#### PROVIDED MATERIAL:
- - -

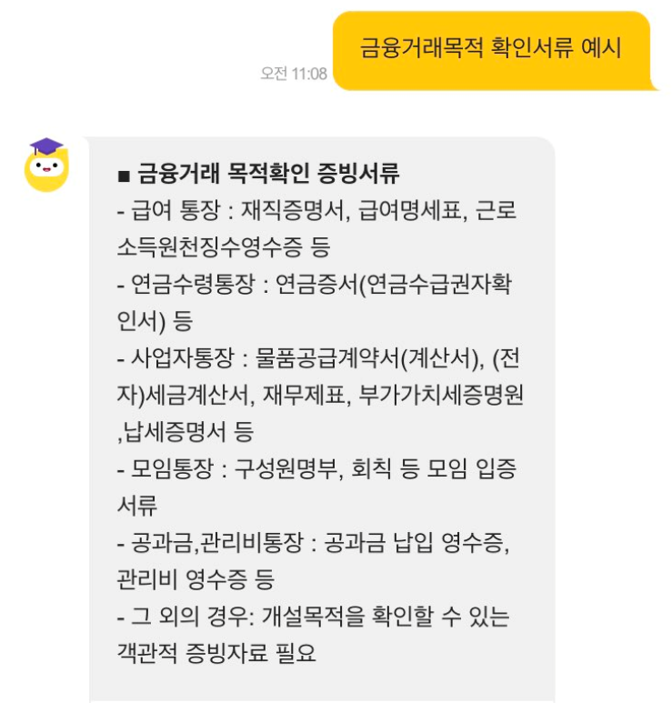한도 제한을 해제하려면 '신분증'과 '금융거래 목적 확인 증빙서류'를 지참하고 영업점 방문을 사셔야 합니다. 여기에서 금융거래 목적확인 증빙서류는 무엇이냐? 챗봇이 알려주는 걸 볼까요?
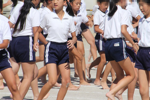 オーソドックスな紺短パンにチャック付きシャツが組み合わさる感じ。
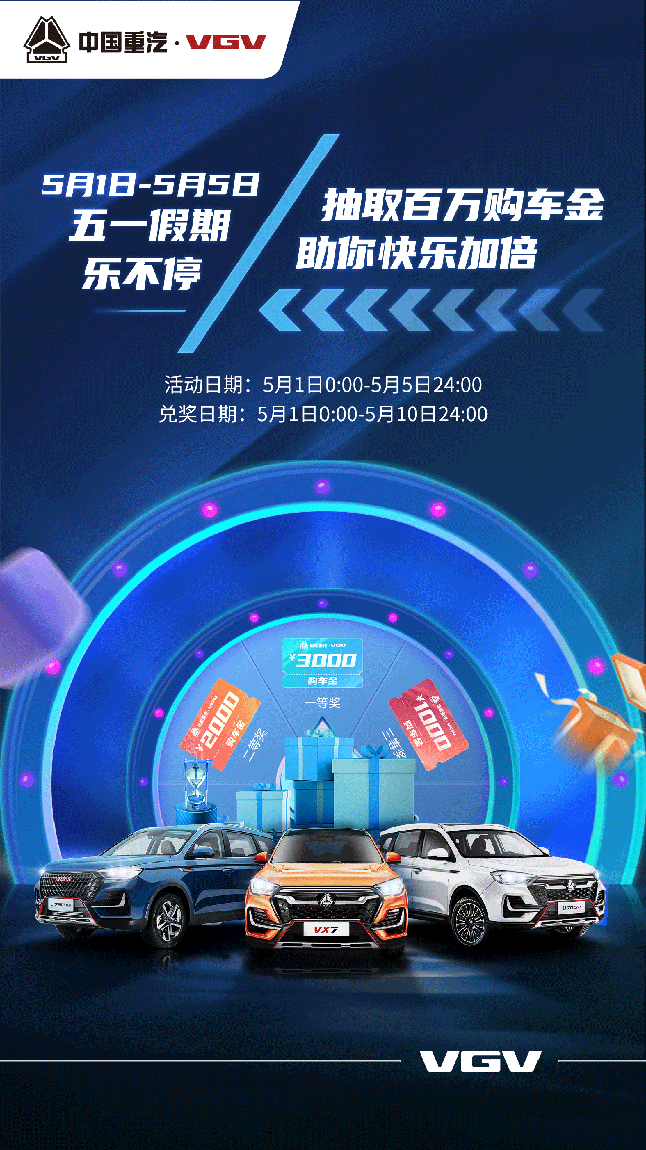 中国重汽VGV为了增强用户参与感与体验感,钜惠购车金活动通过「大转盘抽奖」方式回馈广大用户。动动手指就有机会获得最高3000元的购车金,活动时间为5月1日0:00-5月5日24:00。

- - -

#### WHAT IS REQUIRED:
The full listing must come back exactly as written, with its pictures left out.

#### EXERCISE OUTPUT:
한도 제한을 해제하려면 '신분증'과 '금융거래 목적 확인 증빙서류'를 지참하고 영업점 방문을 사셔야 합니다. 여기에서 금융거래 목적확인 증빙서류는 무엇이냐? 챗봇이 알려주는 걸 볼까요?
 オーソドックスな紺短パンにチャック付きシャツが組み合わさる感じ。
 中国重汽VGV为了增强用户参与感与体验感,钜惠购车金活动通过「大转盘抽奖」方式回馈广大用户。动动手指就有机会获得最高3000元的购车金,活动时间为5月1日0:00-5月5日24:00。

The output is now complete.